Capricor Therapeutics

Status and phase

Active, not recruiting
Phase 3

Conditions

Genetic Diseases, X-Linked
Muscular Diseases
Neuromuscular Diseases
Genetic Diseases, Inborn
Nervous System Diseases
Muscular Disorders, Atrophic
Muscular Dystrophies
Muscular Dystrophy, Duchenne

Treatments

Biological: Deramiocel (CAP-1002)
Biological: Placebo

Study type

Interventional

Funder types

Industry

Identifiers

NCT05126758
CAP-1002-DMD-04

Details and patient eligibility

About

HOPE-3 is a two cohort, Phase 3, multi-center, randomized, double-blind, placebo-controlled clinical trial evaluating the efficacy and safety of a cell therapy called deramiocel (CAP-1002) in study participants with Duchenne muscular dystrophy (DMD) and impaired skeletal muscle function. Non-ambulatory and ambulatory boys and young men who meet eligibility criteria will be randomly assigned to receive either deramiocel or placebo every 3 months for a total of 4 doses during the first 12 months of the study. All participants will be eligible to receive 4 doses of deramiocel for an additional 12 months as part of an open-label extended assessment period. After completion of the first open-label extension (Months 12-24), subjects who have completed Month 24 are eligible to continue onto a Long-Term Open-Label Extension period that will provide treatment with deramiocel until commercial availability, or until sponsor's decision to terminate the trial, or the participant withdraws consent.

Full description

Up to 102 eligible study subjects will participate in this two cohort study. Cohort A will enroll approximately 58 subjects randomized in a 1:1 ratio (active:placebo). Subjects randomized to the active treatment group in Cohort A will receive CAP-1002A (deramiocel manufactured at Capricor's manufacturing facility in Los Angeles, CA). Once Cohort A enrollment is completed, Cohort B enrollment will begin. Cohort B will enroll approximately 44 participants randomized in a 1:1 ratio (active:placebo). Subjects randomized to the active treatment group in Cohort B will receive CAP-1002B (deramiocel manufactured at Capricor's manufacturing facility in San Diego, CA). Both cohorts will include visits at Screening, Baseline/Day 1, Month 1, and Months 3, 6, 9, and 12. Subjects will receive IV infusions of deramiocel or placebo on Day 1 and Months 3, 6, and 9. All subjects will then be eligible to receive additional IV infusions of deramiocel at Month 12, 15, 18, and 21 as part of the open-label phase of the study. All subjects who complete the first open-label extension phase of the study will be eligible to receive additional IV infusions of deramicoel every 3 months in a Long Term Open-Label Extension phase until commercial availability of deramiocel, or until sponsor's decision to terminate the trial, or the participant withdraws consent.

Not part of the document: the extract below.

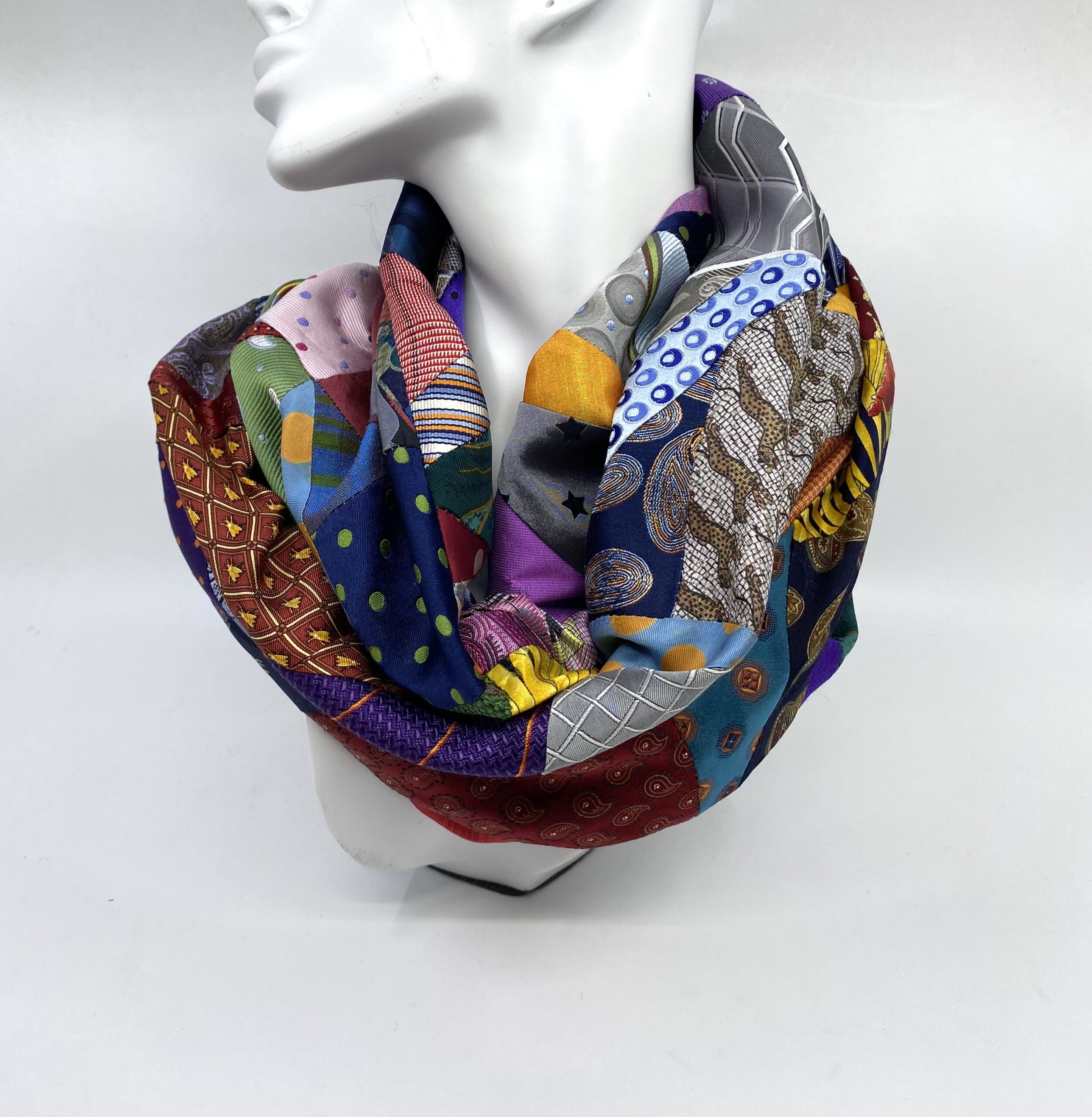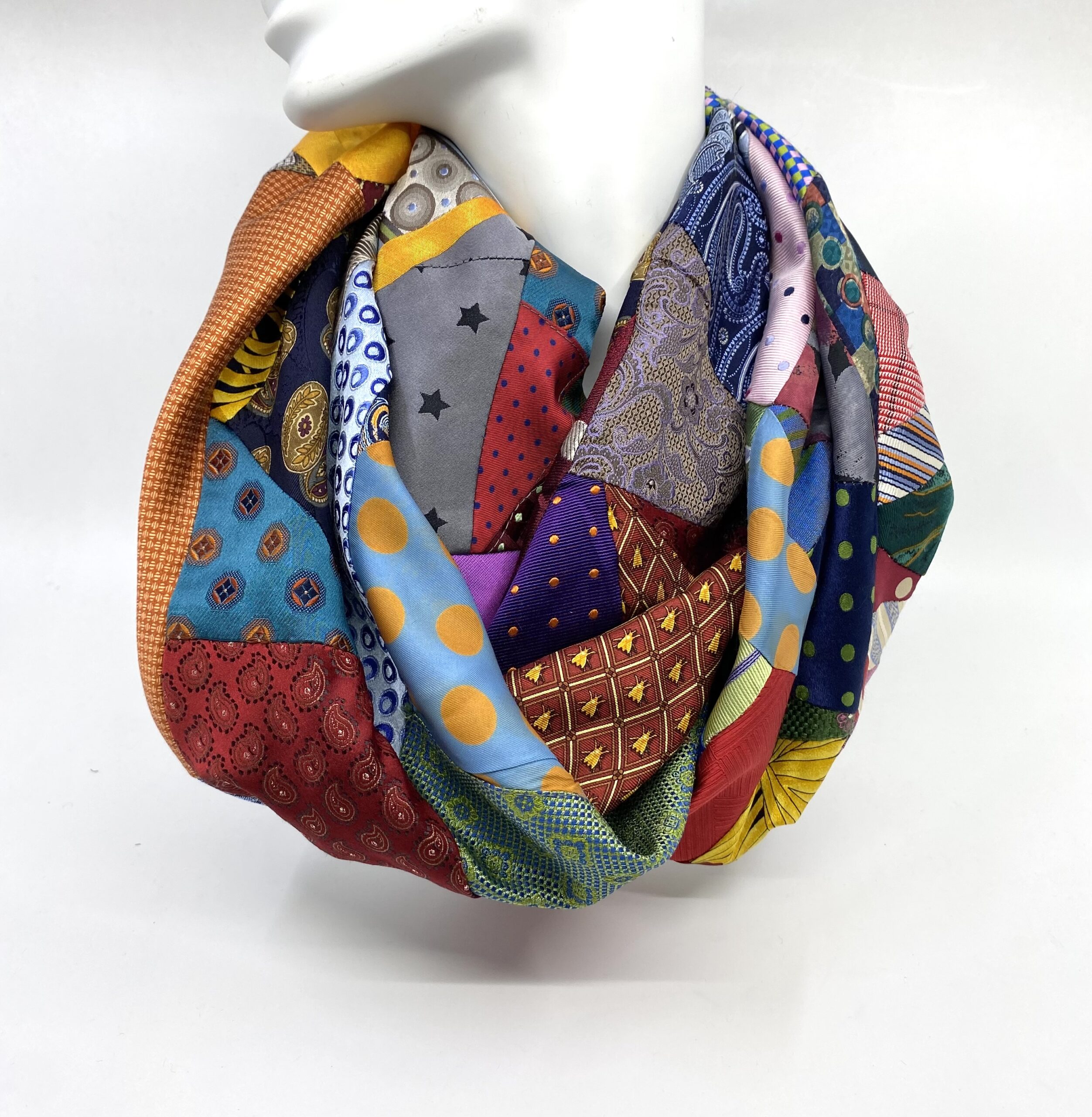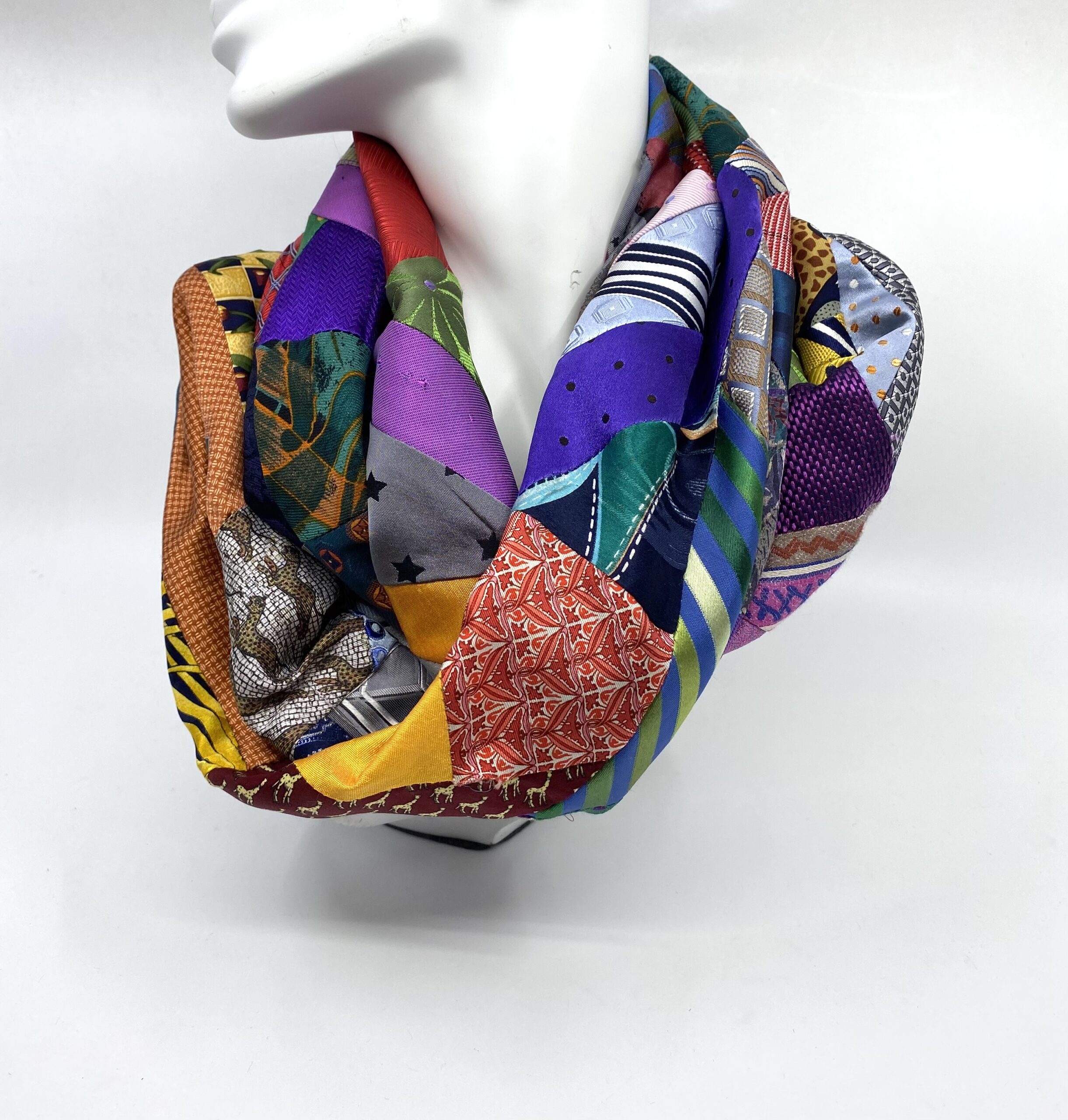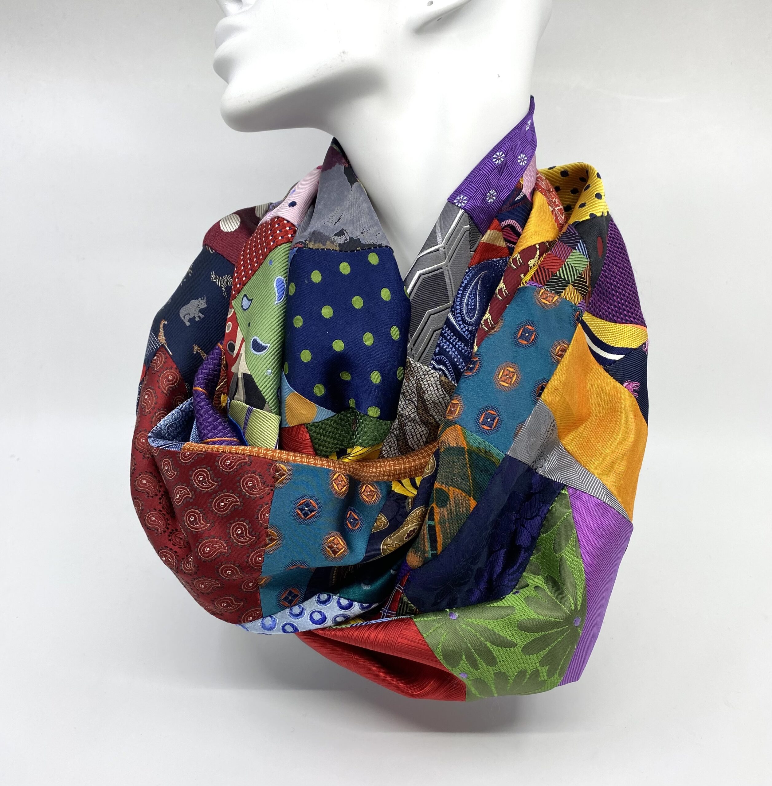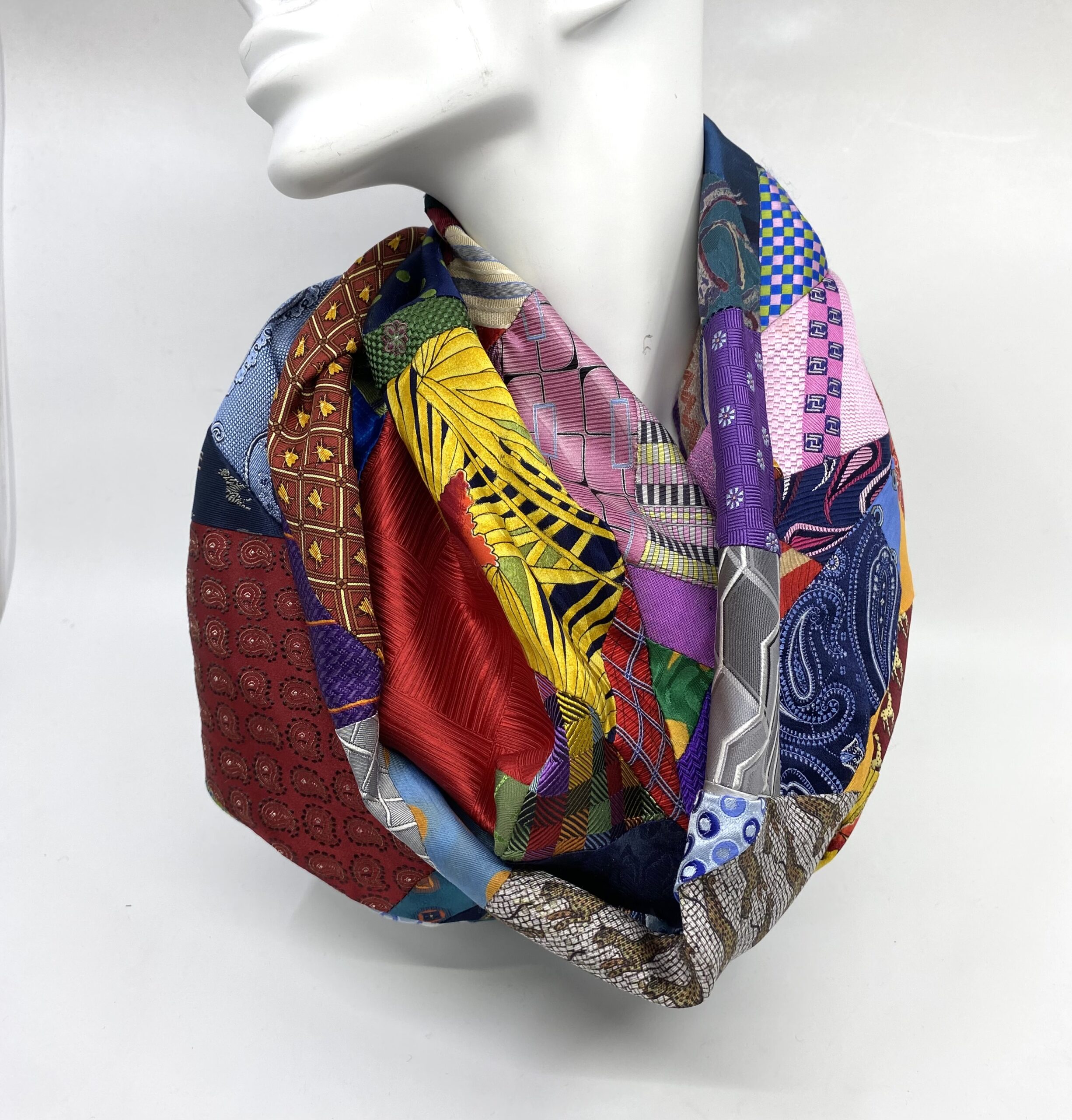 This silk infinity scarf is handcrafted from offcuts of preloved silk ties in every colour imaginable! These offcuts represent but a few of the silk ties that have been upcycled as scarves, headbands and scrunchies this year. Every offcut is gorgeous and together these offcuts make a beautiful infinity scarf to be treasured.

A primary analysis of efficacy and safety will be performed on the double-blind placebo-controlled phase of the study for both Cohort A and Cohort B combined at Month 12 following 4 administrations of deramiocel or placebo.

The primary efficacy endpoint is the mean change from baseline in upper limb function as assessed by Performance of the Upper Limb test, version 2.0 [PUL 2.0] Total Score at the 12-month time point. Secondary endpoints evaluated at the 12-month time point include assessment of changes in cardiac muscle function and structure by cardiac magnetic resonance imaging [cMRI], changes in hand-to-mouth function [eat 10-bites assessed by the Duchenne Video Assessment (DVA)], quality of life assessments, and biomarker analysis for creatine kinase MB isoenzyme (CK-MB).

Safety evaluations will include adverse events, concomitant medications, physical exam, vital signs, and clinical laboratory testing.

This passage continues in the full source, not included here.